Такое ощущение, что он раз за разом проявляет слабость и стая носится с ним, как с беспомощным ребенком! Когда он уже перестанет просыпаться в холодном поту среди ночи, окруженный их беспокойством, как ядовитым туманом?

Горло саднило, под ребра при малейшем движении будто кинжал входил. Таких приступов никогда не было: казалось, легкие просто лопнут, как надутые до предела кожаные мешки.

Чуть не отдал концы у Астариона на руках — ну прямо предел мечтаний!

Иллиатрэ мрачно хмыкнул в темноту и попытался думать о более приятных вещах. Мысли против воли потекли к прошедшему дню, от одного момента к другому, как по ступеням.

Уж лучше так, чем вспоминать полную драуков яму из кошмара…

Дрема наконец окутала его. Иллиатрэ охотно принял ее объятия, как сознание вспорол отголосок движения, и он приоткрыл глаза.
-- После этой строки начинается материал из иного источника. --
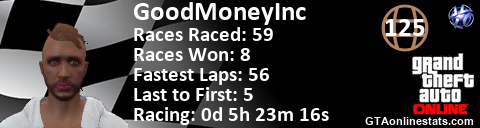 [URL=http://GTAonlinestats.com/showplayer/GoodMoneyInc][IMG]http://GTAonlinestats.com/racesignature/GoodMoneyInc/sig.png[/IMG][/URL]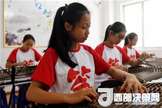7月12日,孩子們在廣西欽州市一家古箏培訓(xùn)中心練習(xí)。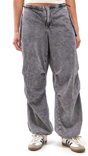A retro acid wash and baggy fit give a '90s aesthetic to denim jeans fashioned with a drawcord-toggle waist and cuffs.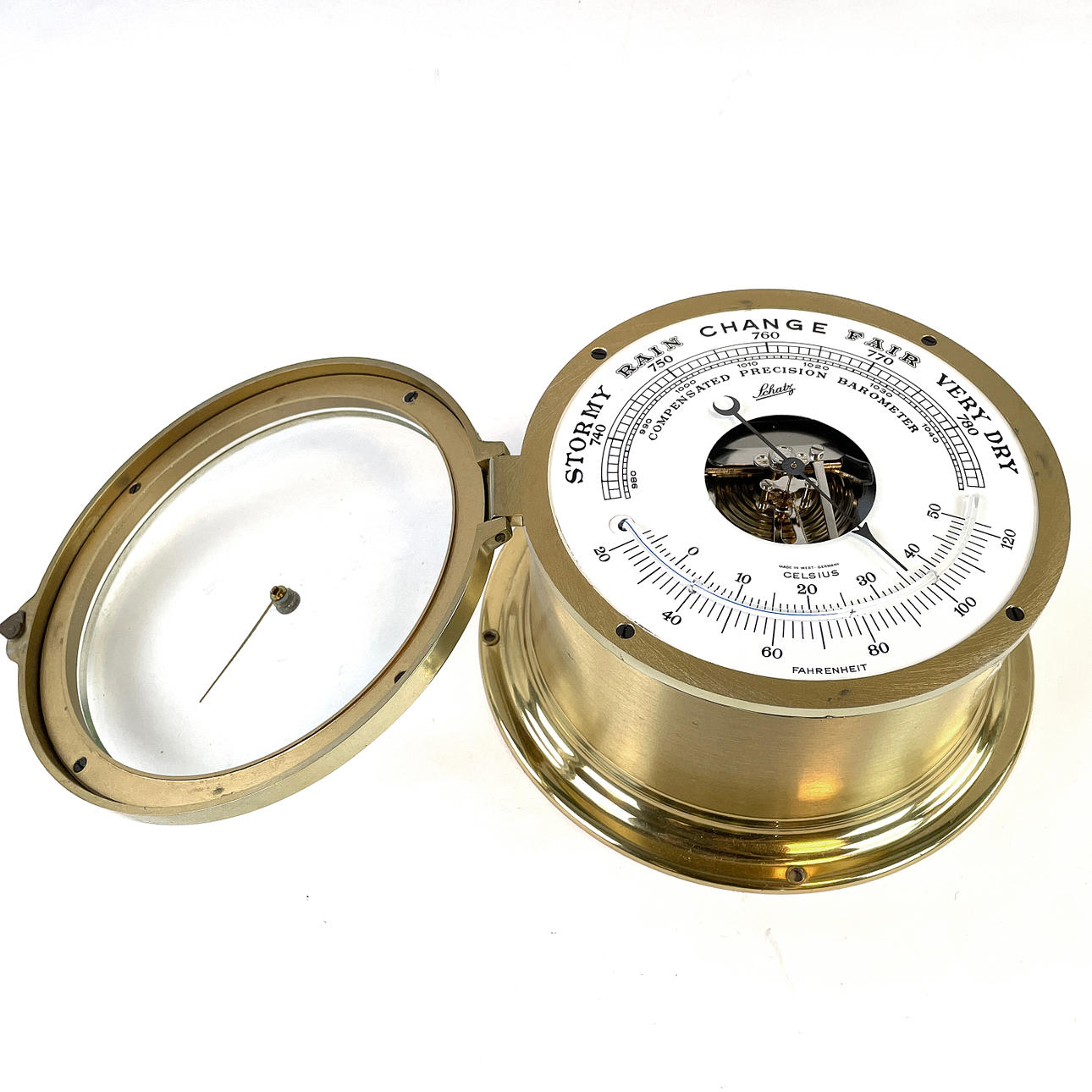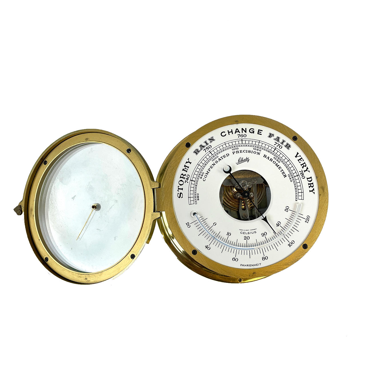 3669933. Eine Messinguhr und ein Barometer von Schatz, Deutschland.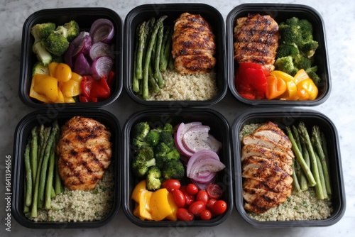 Healthy meal prep containers with chicken quinoa and vegetables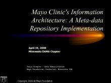 Mayo Clinic s Information Architecture A Meta-data Repository Implementation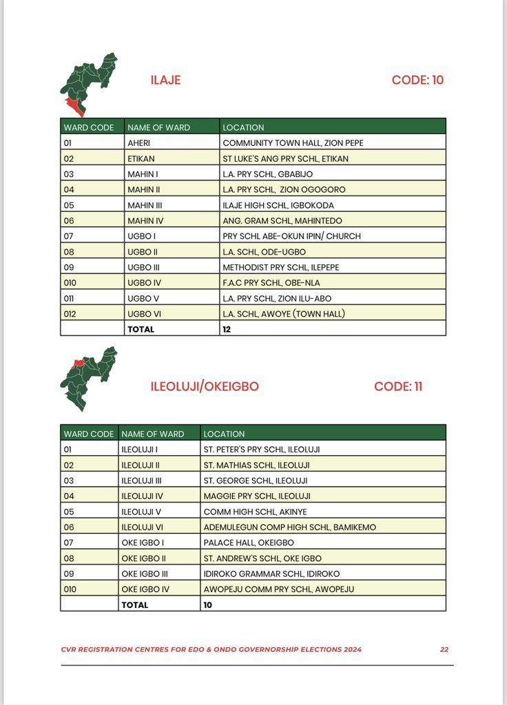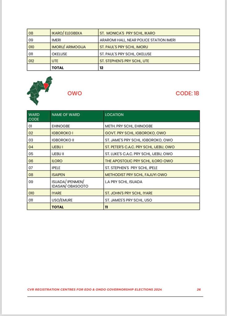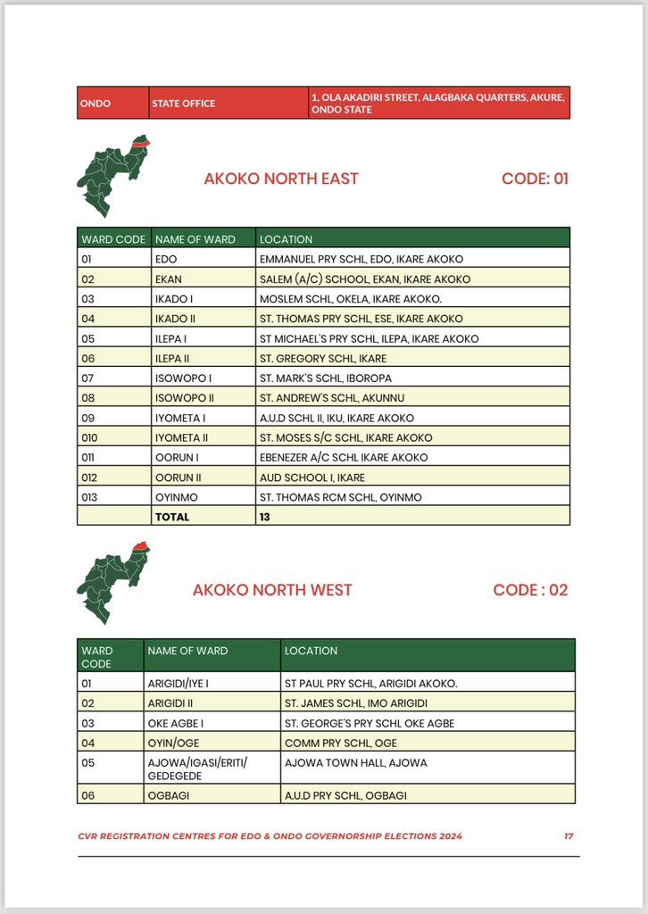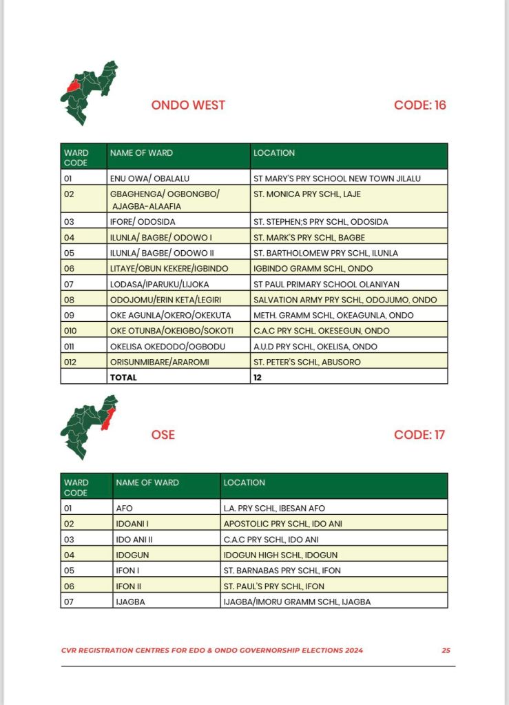 DESIGNATED CONTINUOUS VOTER REGISTRATION CENTRES IN ONDO STATE

Во тьме промелькнула тень: Астарион беззвучно и торопливо поднялся на ноги. Опять крови среди ночи захотелось? Но на кого здесь охотиться — на кислотных пауков, к которым даже прикасаться опасно без перчаток?

Странно. Совсем как тогда, в лесу…

Иллиатрэ приподнялся на локте. Прищурившись, негромко бросил:

— Астарион, эй, Астарион. Иди сюда. Кажется, в моих жилах течет на несколько глотков крови больше, чем нужно. Не поможешь мне справиться с этой проблемой?

Астарион не остановился, даже головы не повернул, хотя его острый слух обычно улавливал малейший шелест травы, не говоря уже о словах полушепотом. Его движения казались неестественными, скованными, как у…

Марионетки.

Иллиатрэ вскочил и заступил ему дорогу, придержал за плечи. Ночесветы на стенах источали резкое голубое сияние, что отражалось в глазах Астариона, — широко распахнутых, лунатичных, совершенно пустых глазах.

— Эй, куда это ты собрался?

— Хозяин… — разомкнул губы Астарион и дернулся под его ладонями, настойчиво порываясь вперед. — Я хочу… вернуться к нему…

Мороз сковал Иллиатрэ до самых костей.

— …Что-то мне подсказывает, что не хочешь. Ну-ка, пойдем обратно.

Астарион сопротивлялся, но вяло, словно тело ему не повиновалось, и Иллиатрэ осторожно оттащил его к догорающему костру, с усилием усадил на спальник, снова придержал за плечи, не давая подняться. В голове вспышками беспорядочно сталкивались и гасли мысли.

Кольцо. Боги, наверняка это из-за кольца, подаренного Омеллумом! Оно подавляло силы личинки, так что воля Касадора, должно быть, нашла трещину в ментальной защите Астариона и просочилась…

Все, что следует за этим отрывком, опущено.